Legal Malpractice Law In Usa

Legal malpractice:

When the patient is injured by the negligence of doctor, doctor bears the legal responsibility. When the driver of car rash and negligently drives a car and causes the death of person, a driver bears the responsibility. When the building collapses as the poor construction work of contractor or engineer, an engineer or contractor bears the responsibility.

Similarly, the laws related to legal malpractice in USA are made to compensate the clients by Attorneys.

An attorney is always the defendant in legal malpractice case. Legal malpractice is an act of attorney which causes harm to the client when the attorney breaches his fiduciary or contractual duty towards a client.

It is also become common in USA that when attorneys sue clients for attorneys’ fees, many clients assert malpractice as a defense.

Legal malpractice and unauthorized practice of law:

Although both the term refers to an act towards the client, there is quite difference between the both. It is the right of an every individual to represent them before the court. When the person represents others, it requires proper education, training and an experience. A lawyer needs to act / practice within the scope/ definition of practice of law[1]. When he breaches such duty it amounts to unauthorized practice of law. E.g. practice of law by Californian attorney in New York without the license from the bar council of New York.

Professional responsibility and Legal malpractice:

While the Professional responsibility encompasses the duties of attorneys to act in a professional manner, obey the law, avoid conflicts of interest, and put the interests of clients ahead of their own interests[2]. Legal malpractice occurs when there is a breach of professional responsibility towards the client

Legal Malpractice and Legal Outsourcing:

An attorney is not said to made legal malpractice by outsourcing legal process to outside providers. However the law requires that client has the information about his work being outsourced to the LPO providers, and there shall be supervision by an attorney towards the work performed by LPO providers. There is also an opinions of American Bar council and many bar council of the states as to the outsourcing the legal process and have opined that there is no unethical practice involved in outsourcing legal process to LPO providers.

Governing law:

Most of the civil laws of the states in USA govern the law related to the Legal malpractice. Federal law is also applicable when it relates to a federal question. Besides the judge made law, ruling, decisions and opinions on the cases will govern the Legal malpractice cases.

An attorney also subjected to the criminal law if he commits fraud/ theft on the client account.

Ethics of the bar council of the state also govern in initiating the disciplinary proceeding against an attorney.

Jurisdiction:

Generally cases are brought before the state courts where the case was filed / where the attorney represented the client and the breach is occurred. However, case is also filed in federal district courts when it involves the federal question. Federal Courts would be having exclusive jurisdiction over the legal malpractice case when itrequires the resolution of a substantial question of federal patent law[3]. But it is still unclear about the jurisdiction of by state or federal courts when the cases arise form IP matters[4].

There is also an issue as to filing legal malpractice cases against the lawyers from other state. Case is particularly filed in the state where the attorney represented the client and in the state where the attorney has license to practice.
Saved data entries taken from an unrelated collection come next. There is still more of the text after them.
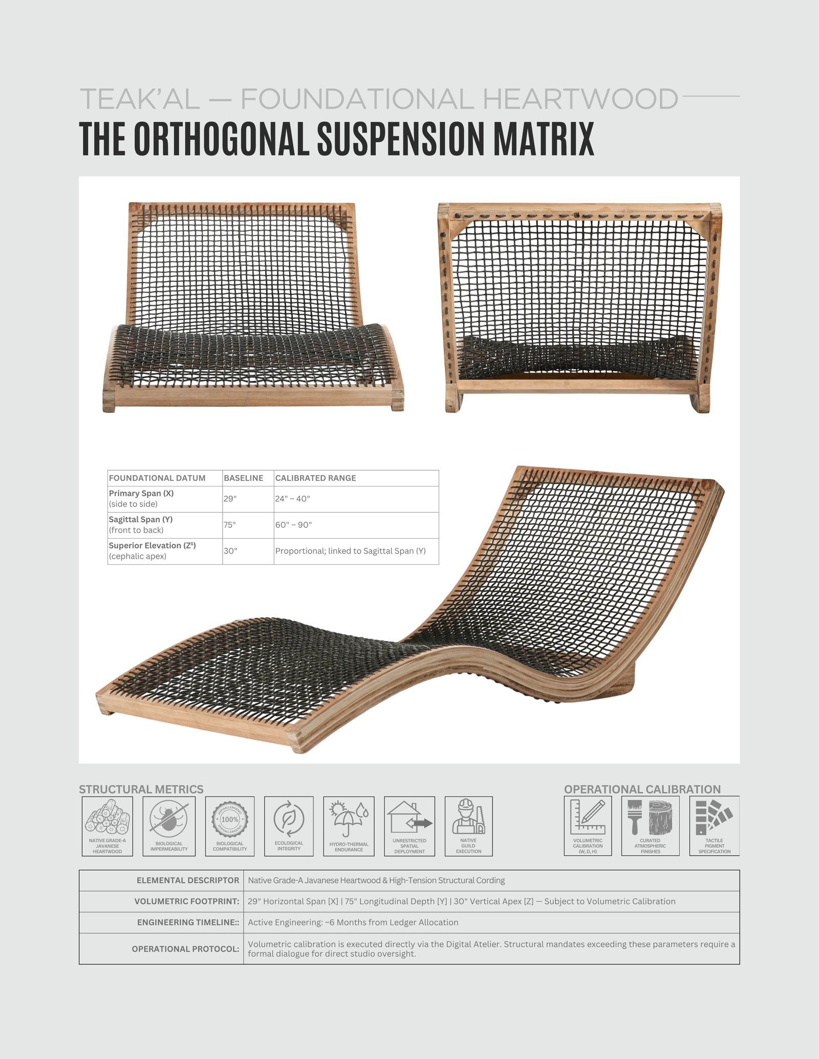 Trapped within the squared perimeter is the High-Tension Suspension Plane. Executed in a permeable functional surface (Batyline® or Polyethylene Cording), this yielding plane eradicates the need for perishable textiles. It provides unyielding ergonomic support while allowing for absolute aerodynamic flow and immediate liquid displacement.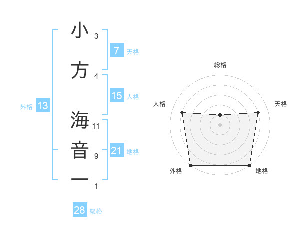 小方 海音一さんの地格は21画の5点!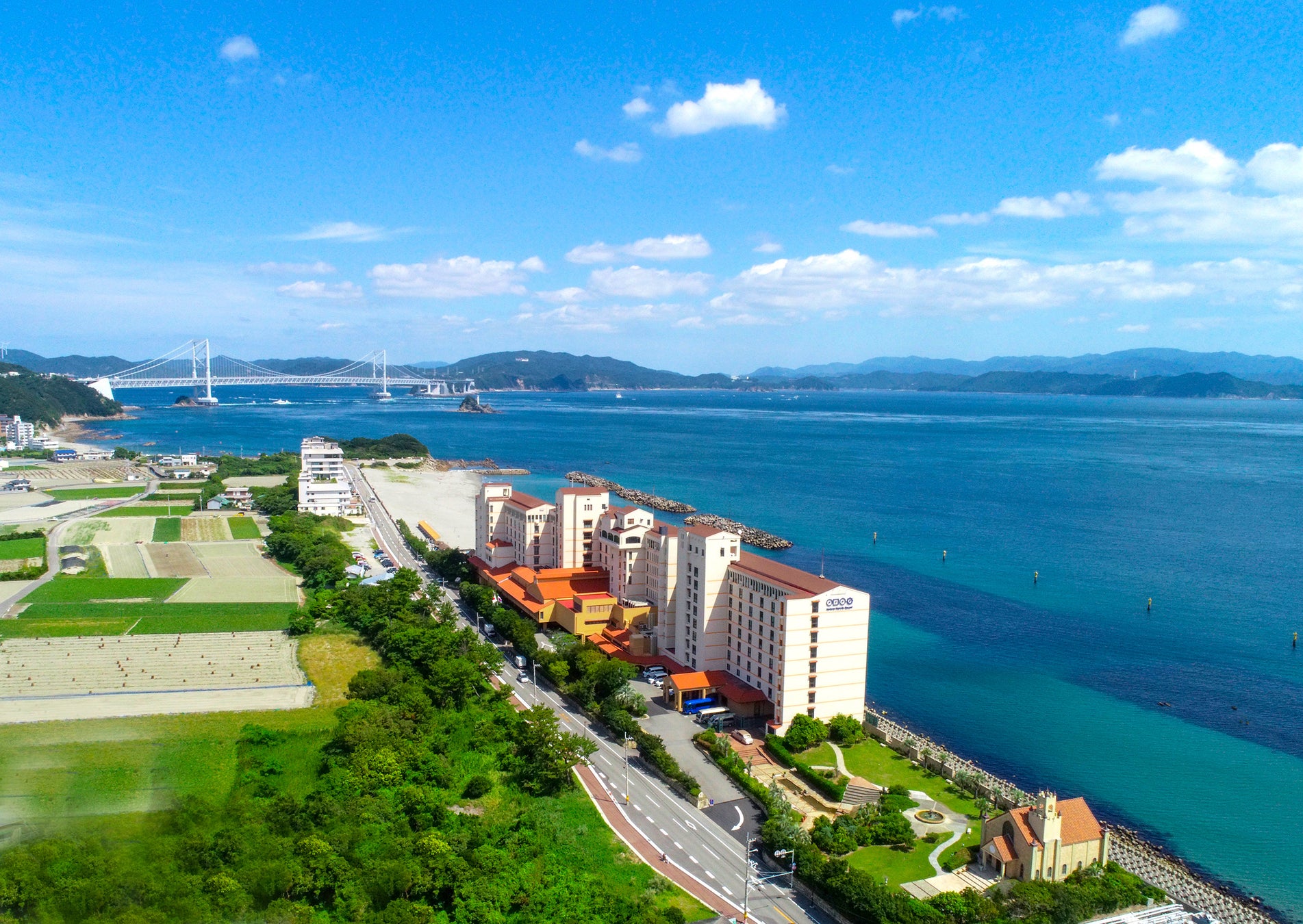 淡路島から車で10分、瀬戸内海国立公園内のオーシャンフロントホテル。目の前に鳴門海峡と淡路島の絶景が広がり、海に昇る朝日やムーンロードを望みます。

Statistics on legal malpractice:

Every 4 to 5 law professional out of hundred have to face a lawsuit in a year[5]. Each year, over 35,000 lawsuits are filed against insured lawyers for legal malpractice. Figure would be more if included uninsured lawyers[6].

Statutory limits for filing[7]:

Statutory limits for filing legal malpractice suit against the Lawyers varies from 1 to 4 years. It is 2years in Alabama, Alaska, and Arizona. In Nevada 4 years or 2 years from discovery, whichever occurs earlier.

In Louisiana State, case shall be brought unless filed in a court of competent jurisdiction and proper venue within one year from the date of the alleged act, omission, or neglect, or within one year from the date that the alleged act, omission, or neglect is discovered or should have been discovered[8]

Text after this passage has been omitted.